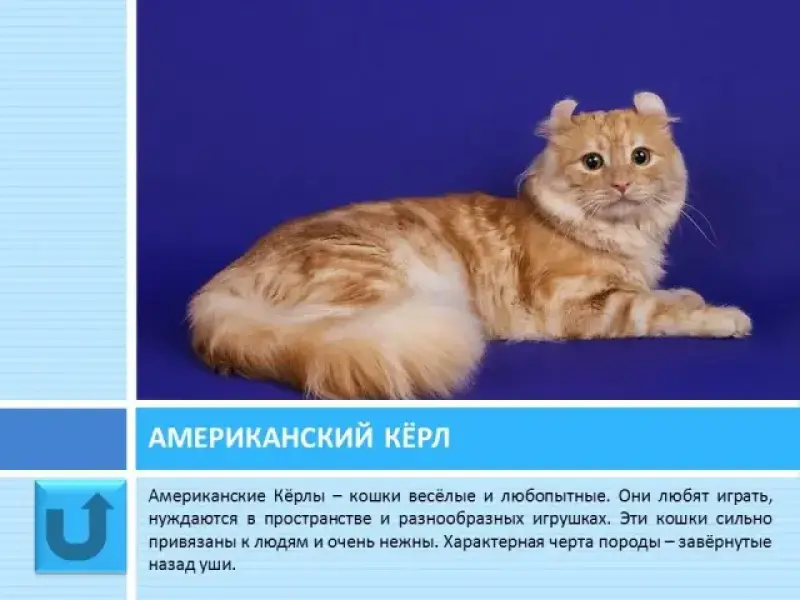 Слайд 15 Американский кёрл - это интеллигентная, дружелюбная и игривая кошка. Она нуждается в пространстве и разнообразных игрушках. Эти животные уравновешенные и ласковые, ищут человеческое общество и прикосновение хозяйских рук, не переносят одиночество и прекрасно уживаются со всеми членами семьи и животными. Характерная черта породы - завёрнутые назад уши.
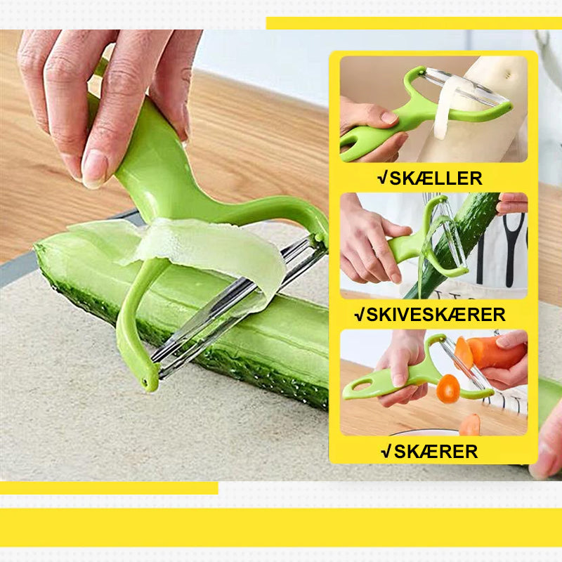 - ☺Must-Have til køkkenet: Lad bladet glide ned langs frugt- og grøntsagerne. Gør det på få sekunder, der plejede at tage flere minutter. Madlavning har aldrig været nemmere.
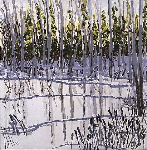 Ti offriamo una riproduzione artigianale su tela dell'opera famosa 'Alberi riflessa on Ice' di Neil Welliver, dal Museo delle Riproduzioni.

..............................

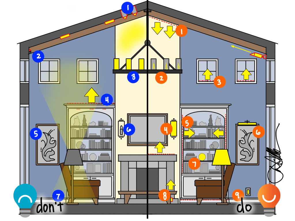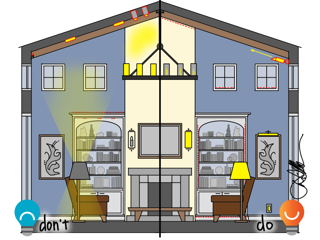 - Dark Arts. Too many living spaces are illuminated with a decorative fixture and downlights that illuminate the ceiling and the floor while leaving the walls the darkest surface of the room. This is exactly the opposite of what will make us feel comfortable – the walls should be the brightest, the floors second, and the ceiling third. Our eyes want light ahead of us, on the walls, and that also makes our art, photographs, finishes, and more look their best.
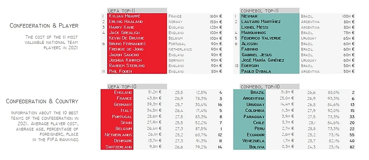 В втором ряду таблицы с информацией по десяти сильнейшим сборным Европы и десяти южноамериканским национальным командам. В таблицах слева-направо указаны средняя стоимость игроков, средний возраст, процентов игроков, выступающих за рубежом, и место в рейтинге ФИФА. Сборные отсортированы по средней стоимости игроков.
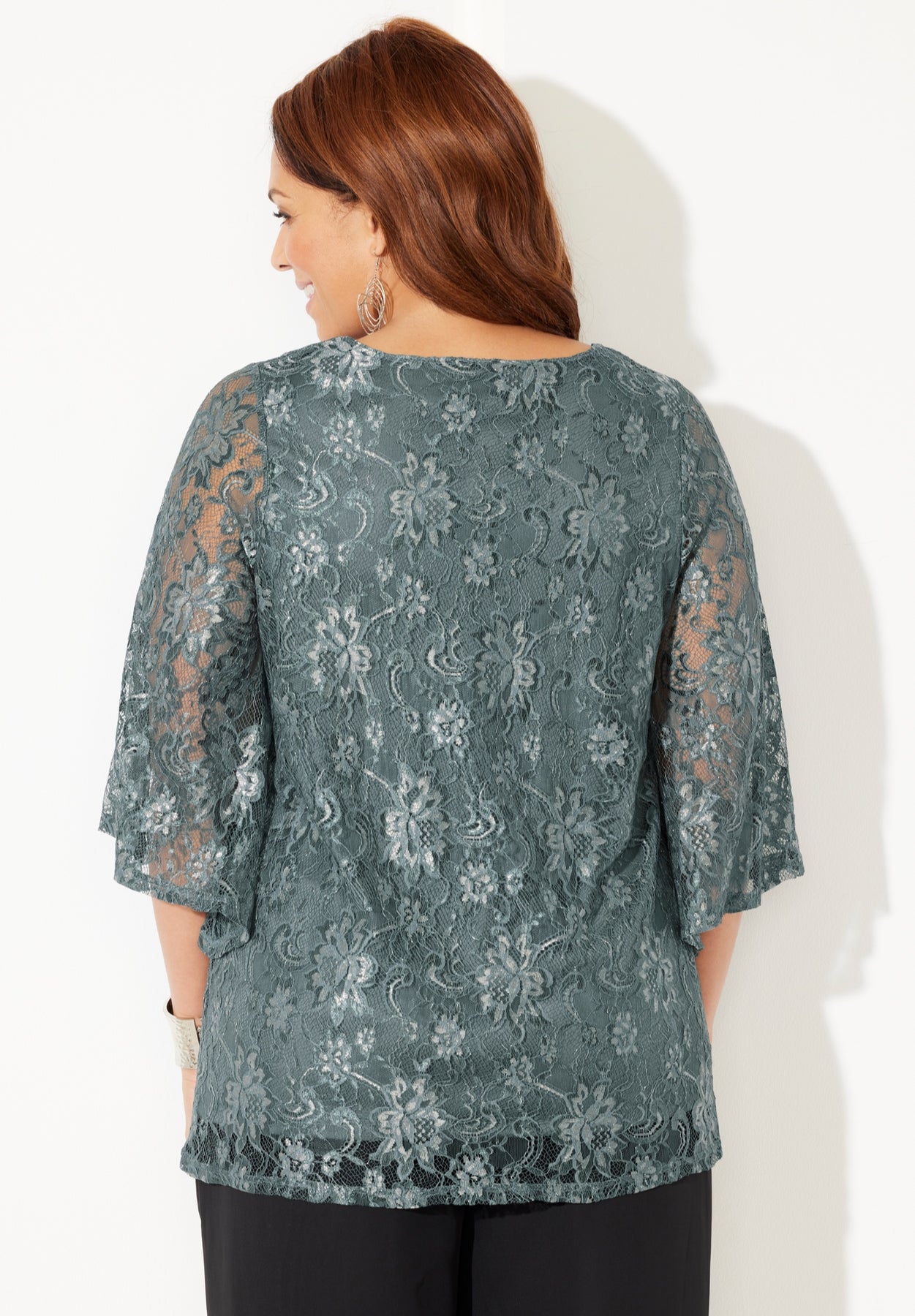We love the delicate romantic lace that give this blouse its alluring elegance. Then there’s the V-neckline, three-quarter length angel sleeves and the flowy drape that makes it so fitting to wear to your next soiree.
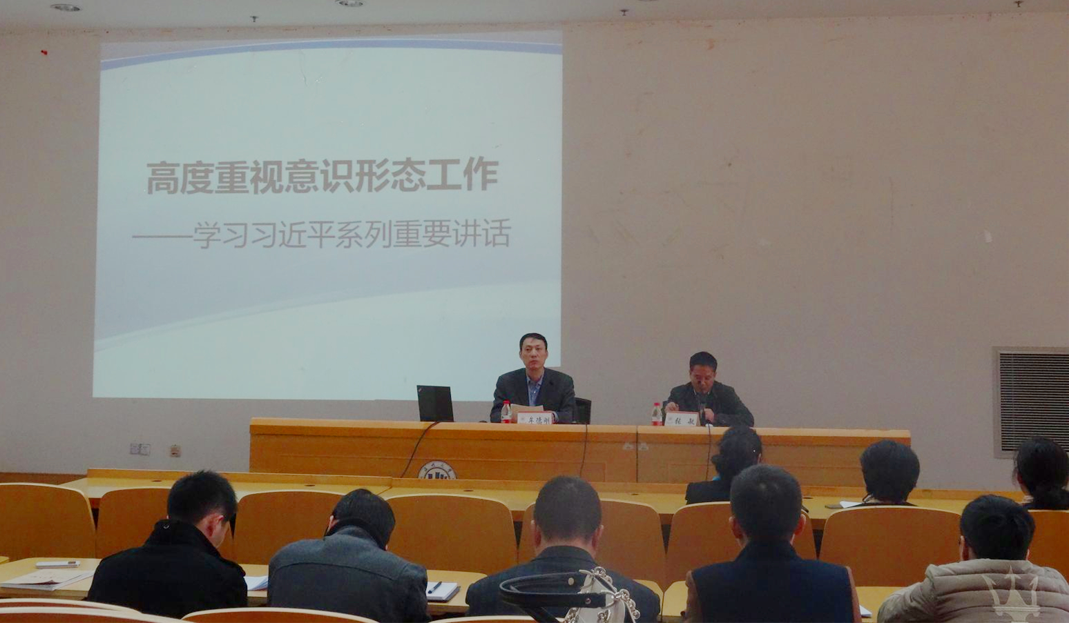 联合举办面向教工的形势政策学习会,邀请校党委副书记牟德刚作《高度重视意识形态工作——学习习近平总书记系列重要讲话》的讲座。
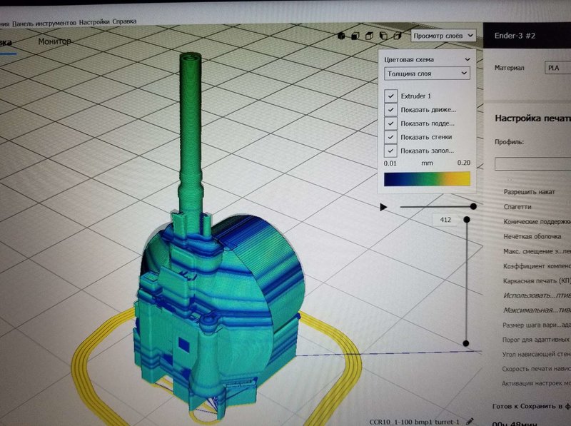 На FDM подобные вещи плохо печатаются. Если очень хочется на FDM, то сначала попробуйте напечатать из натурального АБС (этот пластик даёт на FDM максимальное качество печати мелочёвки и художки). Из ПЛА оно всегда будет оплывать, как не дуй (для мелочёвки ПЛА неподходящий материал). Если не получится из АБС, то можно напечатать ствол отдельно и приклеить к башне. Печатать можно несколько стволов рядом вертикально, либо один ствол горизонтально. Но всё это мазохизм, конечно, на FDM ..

..............................

A clean copy is needed of the lines above from the one with "В втором ряду" up to and including the one with "На FDM подобные". Please set it down exactly, with no pictures.

(TASK RESULT):
 В втором ряду таблицы с информацией по десяти сильнейшим сборным Европы и десяти южноамериканским национальным командам. В таблицах слева-направо указаны средняя стоимость игроков, средний возраст, процентов игроков, выступающих за рубежом, и место в рейтинге ФИФА. Сборные отсортированы по средней стоимости игроков.
We love the delicate romantic lace that give this blouse its alluring elegance. Then there’s the V-neckline, three-quarter length angel sleeves and the flowy drape that makes it so fitting to wear to your next soiree.
 联合举办面向教工的形势政策学习会,邀请校党委副书记牟德刚作《高度重视意识形态工作——学习习近平总书记系列重要讲话》的讲座。
 На FDM подобные вещи плохо печатаются. Если очень хочется на FDM, то сначала попробуйте напечатать из натурального АБС (этот пластик даёт на FDM максимальное качество печати мелочёвки и художки). Из ПЛА оно всегда будет оплывать, как не дуй (для мелочёвки ПЛА неподходящий материал). Если не получится из АБС, то можно напечатать ствол отдельно и приклеить к башне. Печатать можно несколько стволов рядом вертикально, либо один ствол горизонтально. Но всё это мазохизм, конечно, на FDM ..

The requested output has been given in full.